### ACTIVITY
Only the lines from the beginning of the data through the one with "Zitat:Die rätselhaften Steinhügel" belong in the answer, each retyped exactly, with pictures left out.

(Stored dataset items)
★ ★ ★
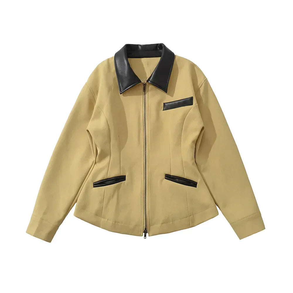 Un col à revers en cuir qui apporte une touche raffinée et souligne le caractère chic de la veste.
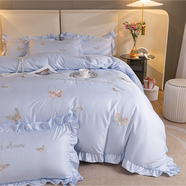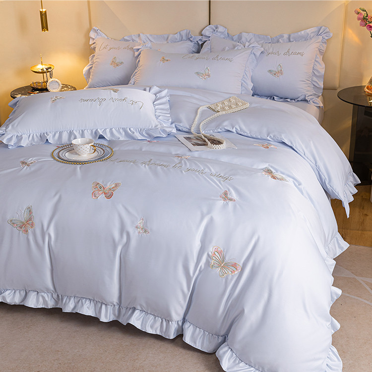 理想家家纺 2022新款冰丝刺绣花边蝴蝶四件套 蓝
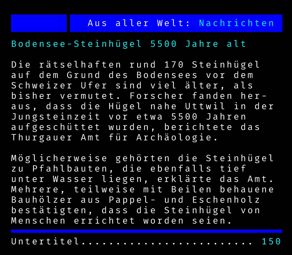 Zitat:Die rätselhaften Steinhügel im Bodensee stammen vermutlich aus der Bronzezeit
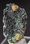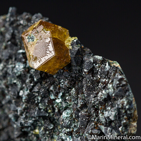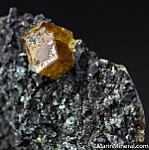 Golden Topazolite crystal on a matrix covered by dark green Clinochlore. A single sharp and glassy crystal 9mm in size. The Yellow Cat Mine is located near the Benitoite Gem Mine and occassionally produces these fine quality garnets.
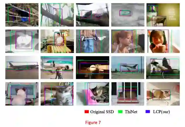 此外,当修剪比率为0.7时,ThiNet优于DCP,这表明在分类模型上剪枝进行目标检测不是最佳方法。
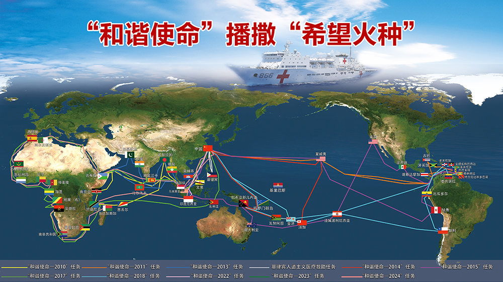 張曉剛:2010年以來,“和平方舟”號醫院船高揚仁愛之帆,先后10次執行“和諧使命”任務,航程32萬余海里,遍及3大洋6大洲,到訪52個國家和地區,提供37萬余人次醫療服務,用大愛仁心播撒“希望火種”,與到訪國民眾結下深厚情誼。今后,中國海軍將繼續執行“和諧使命”任務,用更多的“生命之舟”提供高質量公共安全產品,續寫踐行全球安全倡議、服務構建海洋命運共同體的溫暖篇章。
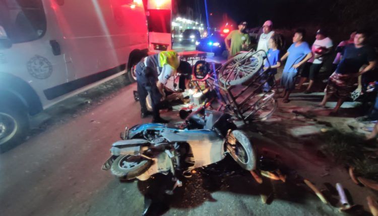 Playa del Carmen.- Fuerte accidente se registró en las inmediaciones del asentamiento irregular conocido como in-house, donde joven menor de edad abordo de una motocicleta inpacto el triciclo de un panadero a quien le dejó fractura expuesta en tibia y peroné.
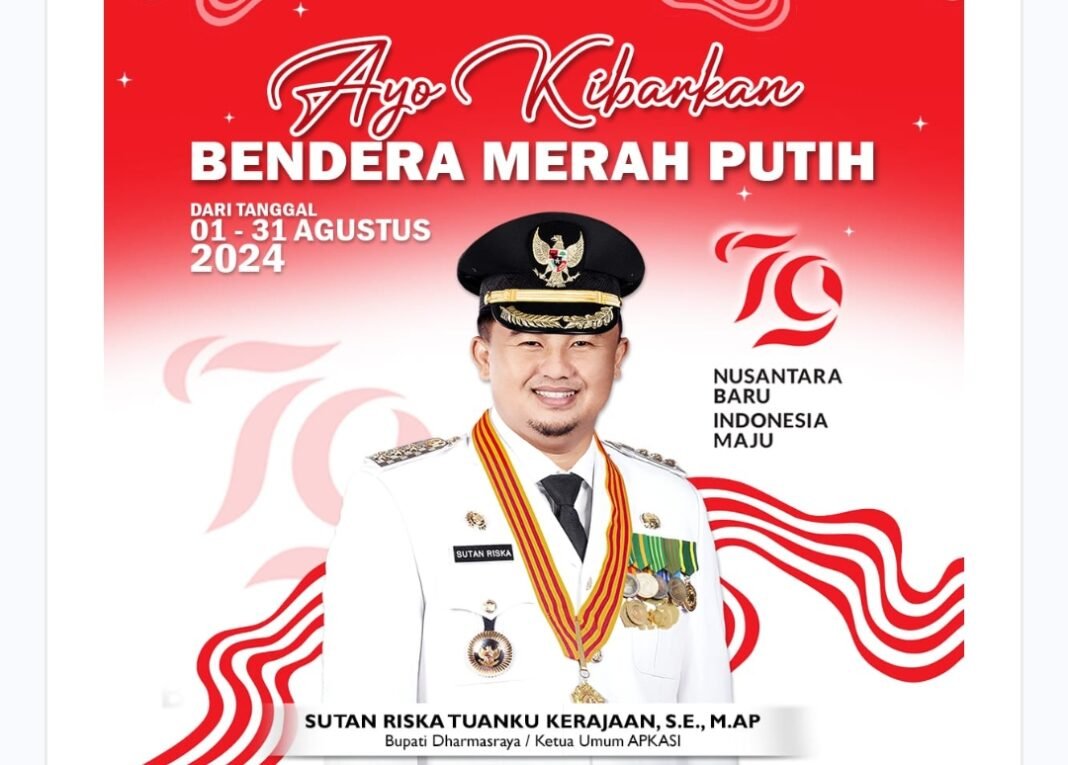 Dharmasraya, investigasi.news – Bupati Dharmasraya Sutan Riska Tuanku Kerajaan, mengajak dan menghimbau kepada seluruh masyarakat untuk dapat menaikkan bendera merah putih, selama sebulan penuh di Bulan Agustus ini. Hal itu disampaikannya kepada media ini, Kamis (01/08), dalam suatu acara.
★ ★ ★
### WRITTEN ANSWER
 Un col à revers en cuir qui apporte une touche raffinée et souligne le caractère chic de la veste.
 理想家家纺 2022新款冰丝刺绣花边蝴蝶四件套 蓝
 Zitat:Die rätselhaften Steinhügel im Bodensee stammen vermutlich aus der Bronzezeit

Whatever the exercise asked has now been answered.